Dúvidas sobre quimioterapia são normais. A boa notícia é que os tratamentos estão cada vez mais seguros e com menores efeitos colaterais.
A quimioterapia, uma das mais importantes armas de que dispomos no tratamento contra o câncer, surgiu durante a Segunda Guerra Mundial, nos Estados Unidos, quando as pessoas que trabalhavam em pesquisas com o gás mostarda (substância utilizada na guerra química) começaram a apresentar alterações nos glóbulos brancos, vermelhos e plaquetas e anemia. Isso chamou a atenção dos pesquisadores que passaram a estudar o assunto, porque há doenças em cancerologia, como muitas leucemias e alguns linfomas, que evoluem com aumento dos glóbulos brancos (leucócitos) e queda dos vermelhos (hemácias).
Realmente, o gás mostarda foi o primeiro quimioterápico utilizado, a primeira droga química que se mostrou capaz de destruir as células tumorais. Depois, vieram outras que transformaram a quimioterapia num ramo da medicina que tem salvado muitas vidas e aliviado o sofrimento dos doentes.

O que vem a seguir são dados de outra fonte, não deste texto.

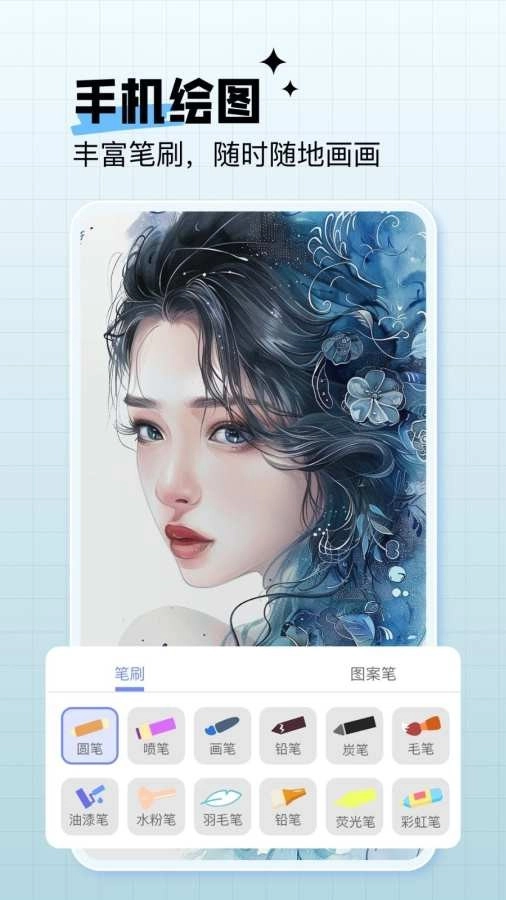 1、画笔多样:有圆笔、喷笔、铅笔、水彩笔等多种画笔,还有仿生笔刷和定制笔刷,可重现真实手绘感觉。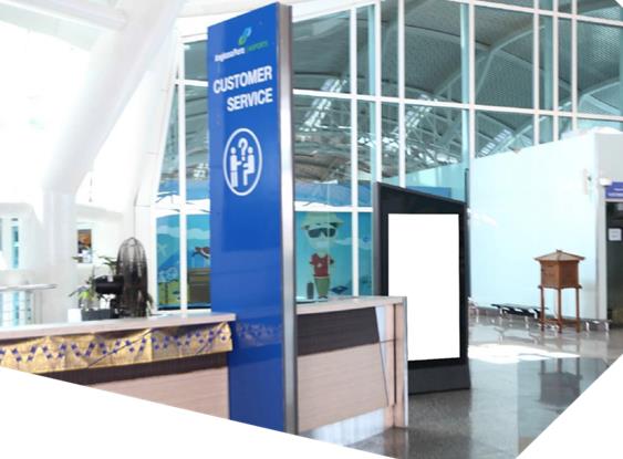 Placed next to Customer Service Counter at International Departure Hall, seen by passengers That hanging around the Departure Hall specially those who seek for Information Desk And other services needed

CONTROLE DOS EFEITOS COLATERAIS
Drauzio – No início, a quimioterapia provocava mais efeitos colaterais e havia médicos que achavam ser um tipo de tratamento que mais causava complicações do que ajudava os doentes. Por que essas drogas provocavam reações tão adversas?
Auro Del Giglio – Acredito que, na ciência, o aprendizado decorre em grande parte da experiência. Muitas das drogas, que são administradas até hoje, causam desequilíbrio dentro do corpo, fazendo com que as células do intestino, por exemplo, liberem substâncias que agem no sistema nervoso central e provocam náusea. Tal constatação fez com que, depois de alguns anos, fossem criadas drogas para bloquear a ação dessas substâncias. Aplicadas antes de iniciar a quimioterapia, elas diminuíram a incidência de náuseas.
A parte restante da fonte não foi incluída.